__Work required__
Could you set down every record exactly as it appears?

Top of Input

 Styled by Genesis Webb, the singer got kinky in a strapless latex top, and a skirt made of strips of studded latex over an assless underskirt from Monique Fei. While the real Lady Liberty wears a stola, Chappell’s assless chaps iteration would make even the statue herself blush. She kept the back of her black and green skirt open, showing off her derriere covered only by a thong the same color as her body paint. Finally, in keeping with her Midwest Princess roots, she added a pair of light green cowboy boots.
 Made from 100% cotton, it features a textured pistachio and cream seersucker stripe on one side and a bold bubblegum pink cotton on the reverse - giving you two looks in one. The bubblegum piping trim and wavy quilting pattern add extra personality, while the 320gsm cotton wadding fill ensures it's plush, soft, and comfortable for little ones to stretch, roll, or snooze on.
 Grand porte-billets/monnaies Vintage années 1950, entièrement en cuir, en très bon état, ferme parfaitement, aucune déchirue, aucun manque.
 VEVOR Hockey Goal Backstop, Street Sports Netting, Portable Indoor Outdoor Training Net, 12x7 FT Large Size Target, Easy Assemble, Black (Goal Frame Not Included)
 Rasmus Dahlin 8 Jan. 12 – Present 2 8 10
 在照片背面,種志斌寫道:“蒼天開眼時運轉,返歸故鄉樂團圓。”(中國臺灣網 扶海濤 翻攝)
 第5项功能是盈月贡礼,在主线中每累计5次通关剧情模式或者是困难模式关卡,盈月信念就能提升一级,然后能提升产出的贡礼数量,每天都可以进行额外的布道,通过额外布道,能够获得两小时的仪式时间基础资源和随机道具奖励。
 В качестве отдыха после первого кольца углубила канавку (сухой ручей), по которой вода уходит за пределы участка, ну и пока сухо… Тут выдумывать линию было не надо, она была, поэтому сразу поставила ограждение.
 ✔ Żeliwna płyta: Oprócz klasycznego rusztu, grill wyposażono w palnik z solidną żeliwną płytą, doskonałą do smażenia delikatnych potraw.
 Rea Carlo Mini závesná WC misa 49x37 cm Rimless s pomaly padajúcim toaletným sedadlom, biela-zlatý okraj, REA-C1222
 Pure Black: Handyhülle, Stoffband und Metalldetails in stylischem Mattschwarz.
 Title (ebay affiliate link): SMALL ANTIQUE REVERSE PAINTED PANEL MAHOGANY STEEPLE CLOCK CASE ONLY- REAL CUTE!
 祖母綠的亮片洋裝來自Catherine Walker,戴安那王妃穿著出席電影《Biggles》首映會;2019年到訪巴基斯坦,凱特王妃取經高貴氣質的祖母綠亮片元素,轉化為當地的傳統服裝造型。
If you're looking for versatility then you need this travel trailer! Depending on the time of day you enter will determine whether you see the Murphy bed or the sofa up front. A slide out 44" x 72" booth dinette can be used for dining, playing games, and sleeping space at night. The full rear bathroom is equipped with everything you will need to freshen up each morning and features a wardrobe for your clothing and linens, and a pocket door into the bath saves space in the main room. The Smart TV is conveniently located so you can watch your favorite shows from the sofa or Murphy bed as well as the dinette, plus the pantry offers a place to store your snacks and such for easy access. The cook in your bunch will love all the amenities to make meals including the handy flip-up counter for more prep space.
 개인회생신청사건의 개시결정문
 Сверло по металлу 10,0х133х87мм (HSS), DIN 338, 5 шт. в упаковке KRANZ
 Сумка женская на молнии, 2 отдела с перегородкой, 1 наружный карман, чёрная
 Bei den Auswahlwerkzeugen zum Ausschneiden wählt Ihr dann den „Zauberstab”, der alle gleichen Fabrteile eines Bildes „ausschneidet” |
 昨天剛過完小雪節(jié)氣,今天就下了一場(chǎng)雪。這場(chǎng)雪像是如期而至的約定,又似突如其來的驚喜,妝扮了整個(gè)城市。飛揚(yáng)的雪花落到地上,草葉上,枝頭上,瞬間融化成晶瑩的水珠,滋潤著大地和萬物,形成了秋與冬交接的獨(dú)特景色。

Bottom of Input

__Task answer__
 Styled by Genesis Webb, the singer got kinky in a strapless latex top, and a skirt made of strips of studded latex over an assless underskirt from Monique Fei. While the real Lady Liberty wears a stola, Chappell’s assless chaps iteration would make even the statue herself blush. She kept the back of her black and green skirt open, showing off her derriere covered only by a thong the same color as her body paint. Finally, in keeping with her Midwest Princess roots, she added a pair of light green cowboy boots.
 Made from 100% cotton, it features a textured pistachio and cream seersucker stripe on one side and a bold bubblegum pink cotton on the reverse - giving you two looks in one. The bubblegum piping trim and wavy quilting pattern add extra personality, while the 320gsm cotton wadding fill ensures it's plush, soft, and comfortable for little ones to stretch, roll, or snooze on.
 Grand porte-billets/monnaies Vintage années 1950, entièrement en cuir, en très bon état, ferme parfaitement, aucune déchirue, aucun manque.
 VEVOR Hockey Goal Backstop, Street Sports Netting, Portable Indoor Outdoor Training Net, 12x7 FT Large Size Target, Easy Assemble, Black (Goal Frame Not Included)
 Rasmus Dahlin 8 Jan. 12 – Present 2 8 10
 在照片背面,種志斌寫道:“蒼天開眼時運轉,返歸故鄉樂團圓。”(中國臺灣網 扶海濤 翻攝)
 第5项功能是盈月贡礼,在主线中每累计5次通关剧情模式或者是困难模式关卡,盈月信念就能提升一级,然后能提升产出的贡礼数量,每天都可以进行额外的布道,通过额外布道,能够获得两小时的仪式时间基础资源和随机道具奖励。
 В качестве отдыха после первого кольца углубила канавку (сухой ручей), по которой вода уходит за пределы участка, ну и пока сухо… Тут выдумывать линию было не надо, она была, поэтому сразу поставила ограждение.
 ✔ Żeliwna płyta: Oprócz klasycznego rusztu, grill wyposażono w palnik z solidną żeliwną płytą, doskonałą do smażenia delikatnych potraw.
 Rea Carlo Mini závesná WC misa 49x37 cm Rimless s pomaly padajúcim toaletným sedadlom, biela-zlatý okraj, REA-C1222
 Pure Black: Handyhülle, Stoffband und Metalldetails in stylischem Mattschwarz.
 Title (ebay affiliate link): SMALL ANTIQUE REVERSE PAINTED PANEL MAHOGANY STEEPLE CLOCK CASE ONLY- REAL CUTE!
 祖母綠的亮片洋裝來自Catherine Walker,戴安那王妃穿著出席電影《Biggles》首映會;2019年到訪巴基斯坦,凱特王妃取經高貴氣質的祖母綠亮片元素,轉化為當地的傳統服裝造型。
If you're looking for versatility then you need this travel trailer! Depending on the time of day you enter will determine whether you see the Murphy bed or the sofa up front. A slide out 44" x 72" booth dinette can be used for dining, playing games, and sleeping space at night. The full rear bathroom is equipped with everything you will need to freshen up each morning and features a wardrobe for your clothing and linens, and a pocket door into the bath saves space in the main room. The Smart TV is conveniently located so you can watch your favorite shows from the sofa or Murphy bed as well as the dinette, plus the pantry offers a place to store your snacks and such for easy access. The cook in your bunch will love all the amenities to make meals including the handy flip-up counter for more prep space.
 개인회생신청사건의 개시결정문
 Сверло по металлу 10,0х133х87мм (HSS), DIN 338, 5 шт. в упаковке KRANZ
 Сумка женская на молнии, 2 отдела с перегородкой, 1 наружный карман, чёрная
 Bei den Auswahlwerkzeugen zum Ausschneiden wählt Ihr dann den „Zauberstab”, der alle gleichen Fabrteile eines Bildes „ausschneidet” |
 昨天剛過完小雪節(jié)氣,今天就下了一場(chǎng)雪。這場(chǎng)雪像是如期而至的約定,又似突如其來的驚喜,妝扮了整個(gè)城市。飛揚(yáng)的雪花落到地上,草葉上,枝頭上,瞬間融化成晶瑩的水珠,滋潤著大地和萬物,形成了秋與冬交接的獨(dú)特景色。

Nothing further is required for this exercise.